# torches



## glondor (Feb 16, 2011)

Is a torch head for a propane torch the same as a torch head for a mapp gas torch?


----------



## jimdoc (Feb 16, 2011)

Yes, it will work with both.

Jim


----------



## glondor (Feb 16, 2011)

Thanks Jim.


----------



## stihl88 (Feb 16, 2011)

Don't just go and buy a cheap head, some of the more expensive heads will burn quite a fair bit hotter due to their design.
A cheap head may struggle to melt gold, as i have discovered.


----------



## dtectr (Feb 16, 2011)

Torch manufacturers recommend using ONLY torches made for Mapp with Mapp. The airflow requirements for a "hot" flame differs from propane to Mapp. Such differences can cause dangerous conditions, such as flare-ups, pre-ignition or introduction of a liquid rather than a gas, which could have nasty consequences under the right (or _wrong_) circumstances. Again, from the mfrs.

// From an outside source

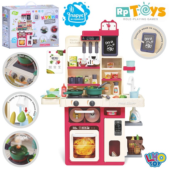 Кухня WD-825A плита,мийка-ллється вода,пара,звук,світло,посуд,продукти,дошка для малюв.,крейда,губка

From experience: A propane head on a Mapp tank can cause dangerous overheating to the point of preventing complete shut-off (You can picture what that could do); Use of a Mapp head on propane can allow allow liquid (& cold) propane to be dispensed if it is moved below 45* from vertical.

FWIW


----------



## glondor (Feb 16, 2011)

Thanks guys.


----------



## djui5 (Feb 22, 2011)

I picked up a map torch head at Home Depot. It was $35, but worth it IMO.


----------



## jayimim (Mar 10, 2011)

I did check out the torches, I found that the acetylene turbotorch like the mapp gas turbotorch that have the quick release tips have color coded o-rings, acetylene is red. Mapp gas and lp have blue. I have been told the acetylene is much hotter. Both setups utilize atmospheric air.


----------



## dcurzon (May 3, 2011)

i've been using butane/propane mix previously, it was ok but quite slow. Picked up a Mapp head and bottle at the weekend and did some powdered silver. Really odd, but it struggled. Just over 2oz (so not a large amount) in a 4" dish. I found that the mapp gas heated up very quickly, bringing the melting dish up to red in a very short time, but it struggled to maintain heat in the silver. Once the silver was eventually (20 minutes or so?) melted and moving around, if i briefly put the flame on one side, the other side would start cooling immediately.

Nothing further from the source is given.